STL thread safety

I have read that STL in general is not thread safe. There were some cases in which you can get around without locks and atomic.... I was wondering if the following operations will cause problems.

1. Assume a int with initial value '0'. One thread WILL always read the value. Other thread MAY write a value '1'. Here all I care is whether the value is '0' or not. Is this fine without a lock or atomic operation?

2. I have a hashtable <int,vector>. Again one thread WILL always read. The other thread WILL always write. But nothing is over written nor deleted.
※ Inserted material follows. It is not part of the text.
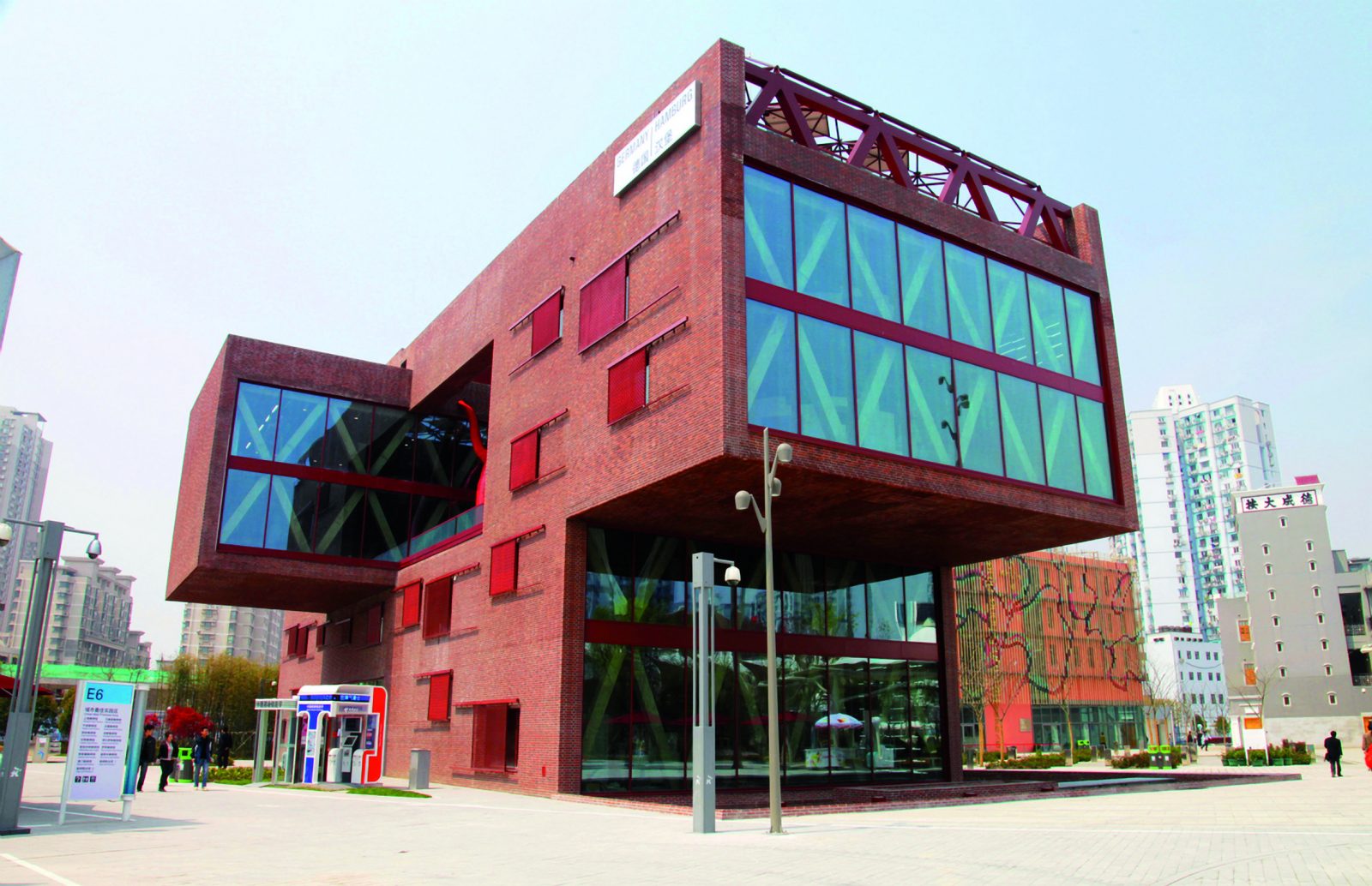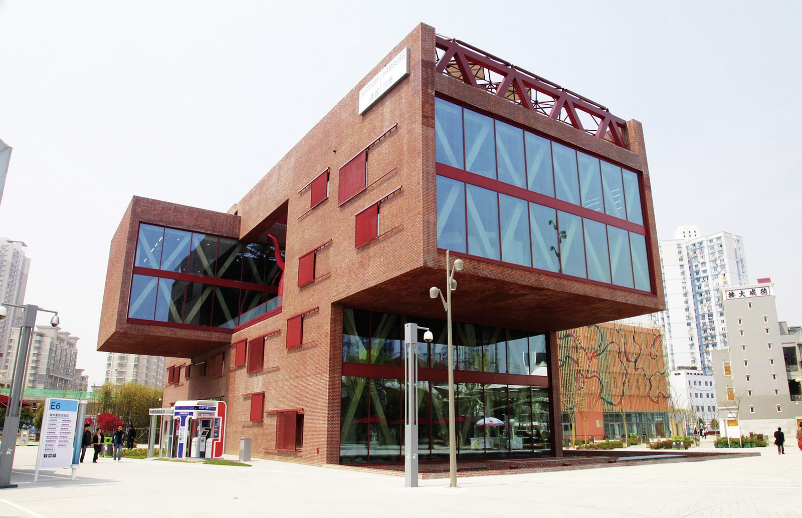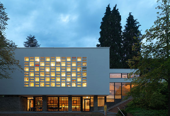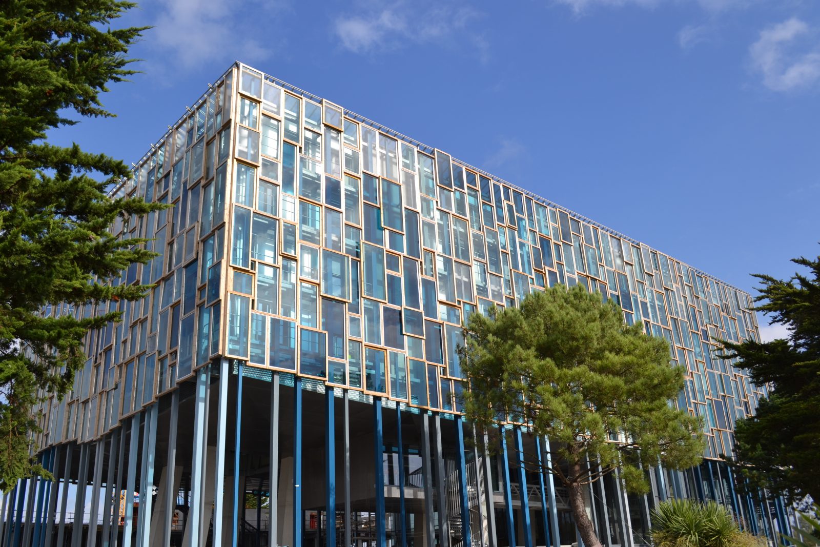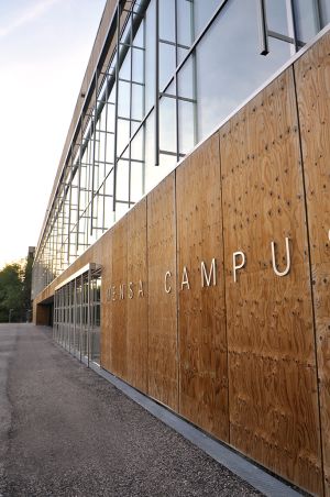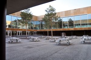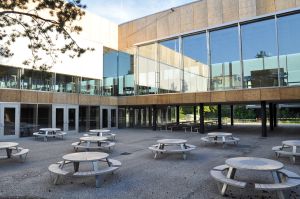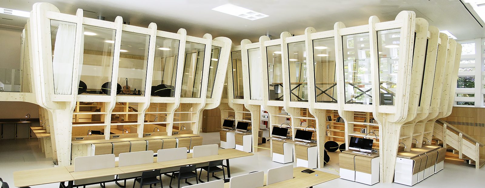Bauweise: Eine modulare Konstruktion, die vollständig in der Werkstatt vorgefertigt und dann auf 2 Ebenen um einen offenen und großzügig verglasten Raum herum aufgebaut wurde. Die Glasfassade bietet einen Raum das zu Austausch und Begegnungen einlädt.
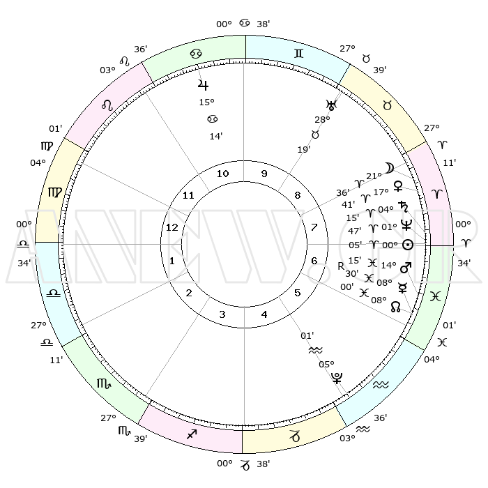 | | ΘΕΣΕΙΣ ΠΛΑΝΗΤΩΝ ΑΣΤΡΟΛΟΓΙΚΟΥ ΧΑΡΤΗ ΤΗΣ ΣΤΙΓΜΗΣ ΑΥΤΗΣ | | | | Πλανήτης | Ζώδιο | Μοίρες | Δεκαήμ. | Σε οίκο | Απόκλιση | | Ακμές των οίκων | | Ηλιος | Κριός | 00°01' | Πρώτο | 7 | 00 N 00 | | 1ος | 09°31' | Παρθένος | | Σελήνη | Κριός | 20°35' | Τρίτο | 8 | 11 N 16 | | 2ος | 04°20' | Ζυγός | | Ερμής | Ιχθείς | 08°30'R | Πρώτο | 6 | 07 S 25 | | 3ος | 03°45' | Σκορπιός | | Αφροδίτη | Κριός | 17°36' | Δεύτερο | 8 | 06 N 06 | | 4ος | 06°42' | Τοξότης | | Αρης | Ιχθείς | 14°12' | Δεύτερο | 7 | 07 S 12 | | 5ος | 10°19' | Αιγόκερως | | Δίας | Καρκίνος | 15°14' | Δεύτερο | 11 | 22 N 55 | | 6ος | 11°39' | Υδροχόος | | Κρόνος | Κριός | 04°15' | Πρώτο | 7 | 00 S 16 | | 7ος | 09°31' | Ιχθείς | | Ουρανός | Ταύρος | 28°18' | Τρίτο | 9 | 19 N 36 | | 8ος | 04°20' | Κριός | | Ποσειδώνας | Κριός | 01°47' | Πρώτο | 7 | 00 S 29 | | 9ος | 03°45' | Ταύρος | | Πλούτωνας | Υδροχόος | 05°00' | Πρώτο | 5 | 22 S 49 | | 10ος | 06°42' | Δίδυμοι | | Β. Δεσμός | Ιχθείς | 08°00' | Πρώτο | 6 | 08 S 34 | | 11ος | 10°19' | Καρκίνος | | Ωροσκόπος | Παρθένος | 09°31' | Πρώτο | | | 12ος | 11°39' | Λέων | | Μεσουράνημα | Δίδυμοι | 06°42' | Πρώτο | | | |

Is this thread safe.

If any of the above is not safe, what would be the best way to gain maximum performance with less overhead?
I have read that STL in general is not thread safe

If you're referring to the standard library containers, there are several guarantees regarding thread safety, which are usually summarized as "different threads can update different containers" and "different threads can read the same container" (there's also, for example, "different threads can modify different elements of the same container, except for vector<bool>")

Assume a int with initial value '0'. One thread WILL always read the value. Other thread MAY write a value '1'

This is, by definition, a data race, which is a form of undefined behavior. There is no way to predict what will happen if you don't use synchronization. (practical outcome on common platforms is that the value written may or may not be observed by the thread that's reading, but as far as the language is concerned, there are no guarantees)

I have a hashtable <int,vector>. Again one thread WILL always read. The other thread WILL always write. But nothing is over written nor deleted

define "write". By "nothing is over written nor deleted" I am assuming the member function unordered_map::insert() is called? It does not invalidate references to the elements, but it may invalidate all iterators if rehashing is triggered. If you're reading through a reference, you don't have a data race.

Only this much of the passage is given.